When the first Europeans came over — ostensibly to trade in spices but eventually to plunder — they had no available words in their lexicon to deal with the wondrous variety of flavors they encountered.
So they picked up a 2-syllable word (as much as they could handle without wilting) from one of the many languages they overheard, as this word seemed to be mentioned a lot around food.
They may not have even realized that people were speaking to them in different languages — it was probably all ‘Indian’ to them.
This word is typically rendered in English as ‘kari’. In Tamil, this word can mean charcoal or black pepper — and in some contexts — meat, differentiated only in how the letter ‘R’ is pronounced.
You can see how this word might have been heard repeatedly in kitchens and led the foreign gawkers to believe that it was all the same word and referred to whatever the chef was preparing at the time.
For Western cuisines that use bread as their main carb source, the Indian (and other Asian) usage of rice itself is a step into the void. (Sure, Texans may stuff rice into a burrito. But this usage leaves the Indian scratching his head — they are putting chawal into a roti??)
Then they encounter the various dishes that Indians use to mix the rice with.
Let us take the common dal. Dal is usually described in English as lentil soup. But no Indian will slurp on dal from a bowl, on its own, like they would do all points west of the Arabian Sea. The Indian will instead pour the dal onto his rice, mash it nicely into a homogenous mass and gobble little balls of it, all the while not using anything but his fingertips. This is no less fascinating to the western audience than watching a turbaned, half-naked boy climbing up a standing rope and disappearing.
When the meal moves to other dishes like sambhar and kadhi flanked by other, chunkier dishes like chhole and rajma, the hapless observer is completely flummoxed. Let us call this person Joe. “They then proceeded to dip their flatbread into a chickpea stew,” Joe describes to his native audience listening in rapt fascination. Or that “they poured the dark gravy over rice, used their fingertips to mix the two well, and ate little balls of the rice-and-gravy mixture, now and then reaching out for a bite of the lentil crisp”.
In this world, sambhar is a sauce or gravy, while rasam would be a broth. Take a look at Wikipedia’s definition of sambhar. “…a lentil-based vegetable stew or chowder based on a broth made with tamarind.” Clearly, the writer is hoping that stitching multiple patches will cover up the gaps in the language fabric.
A typical Tamilian meal will serve the rasam course after the sambhar course. The idea of having a course of sauce followed by a broth would feel excessive and convoluted to Joe. Because, in Western meals, the liquids get thicker and thicker as the meal progresses — soup hands over to sauce which gives in to gravy.
Dessert is manageable as long as it is restricted to gulab jamuns (fried dough of milk solids soaked in rose-flavored sugar syrup) or kulfi (traditional Indian ice-cream, usually served in a clay pot). When it gets to kheer and payasam, the language gives up and walks off in a huff.
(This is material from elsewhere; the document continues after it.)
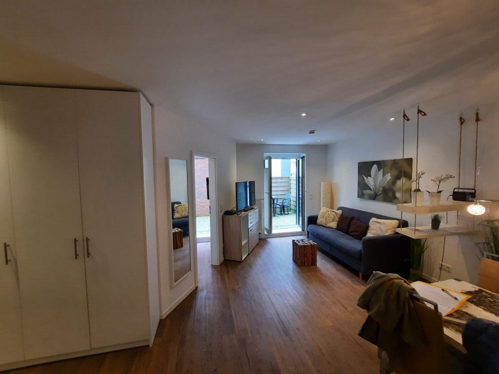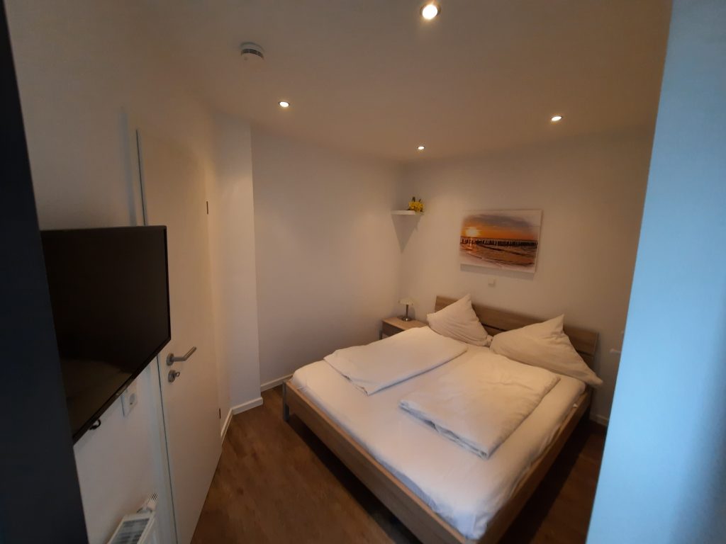 Das Schlafzimmer verfügt über ein Boxspringbrett in der Größe 1,60 m x 2,00 m und zwei Kleiderschränken. Vom Bett aus kann man bequem den Flachbild-TV an der gegenüberliegenden Wand nutzen. Das bodentiefe Fenster lässt sich komplett öffnen und führt zur Terrasse.

‘Pudding’ may just about work for thicker dishes like phirni but trying to force-fit the word onto that cup of semiya payasam takes a toll.
But I foresee change.
The English-speaking world (and I refer to those that only speak the one language) is slowly waking up to the delights of Indian food.
Some are already exploring worlds beyond saag, tikka masala and vindaloo. And when I typed this, the proofing tool allowed tikka, masala, and vindaloo without the red squiggly underlines. It didn’t let saag through though. I still count this as progress. It gives me hope that the day is not far when words like dal and sambhar and kadhi will obtain entry into the English language party.
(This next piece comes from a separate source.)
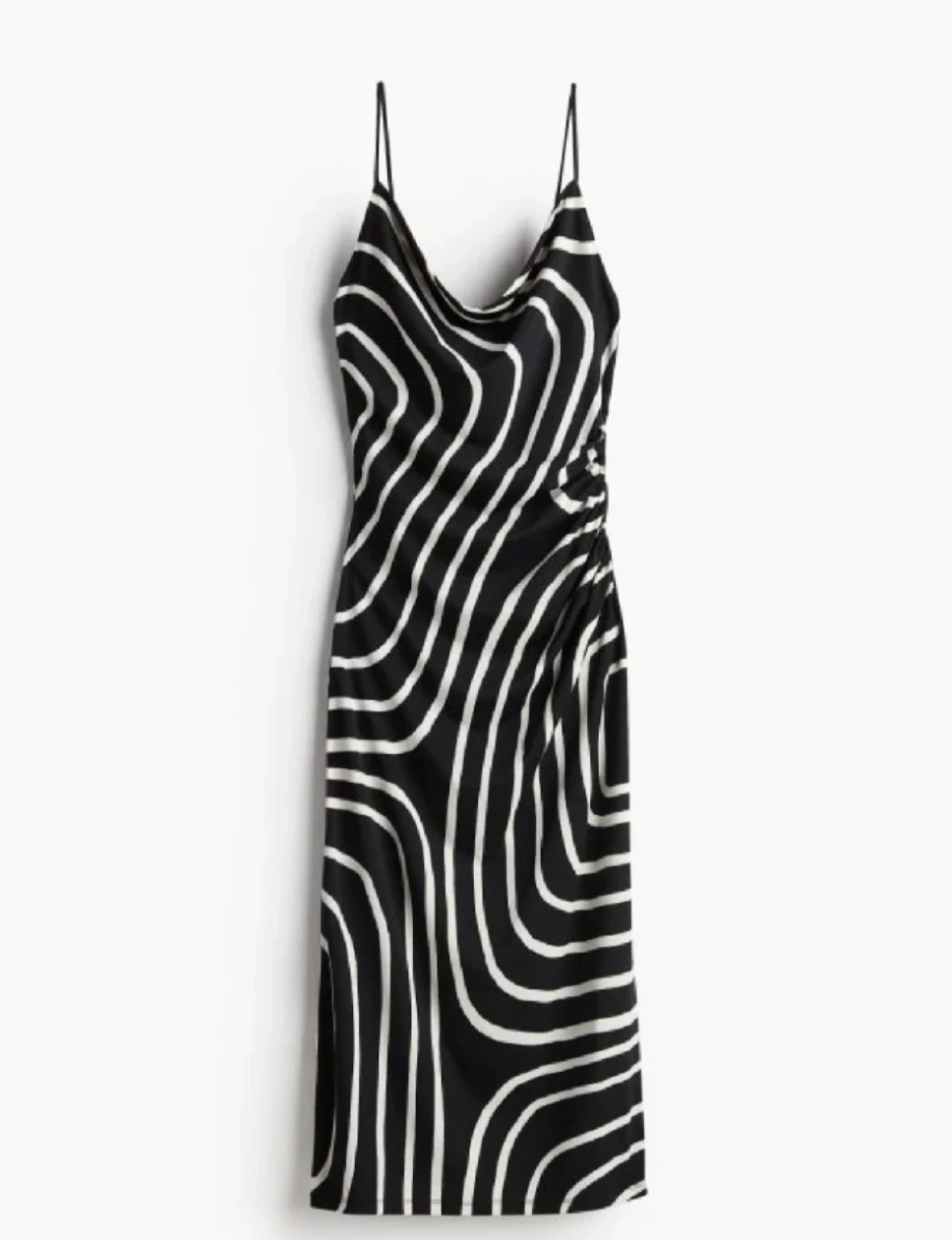 This slip dress features a black and white swirling pattern. It has a cowl neckline and adjustable spaghetti straps. The fabric has a slight sheen, making it suitable for evening wear. (Used once for 2 hours only)

They may end up walking into the ballroom as they are, head held high, oozing exotic charm, like a director of best foreign film at the Oscars after-party. Think ‘Biryani’.
Or they may need to go through an extreme makeover, poured into a lacy, cocktail dress and decked with a spiky, orange wig, to try and fit into local sensibilities. Like ‘khichdi’ mutating into ‘kedgeree’.
Or they could become a plus-one and sashay in on the arms of a familiar who is ‘on the list’. Like ‘naan’ bread and ‘chai’ tea.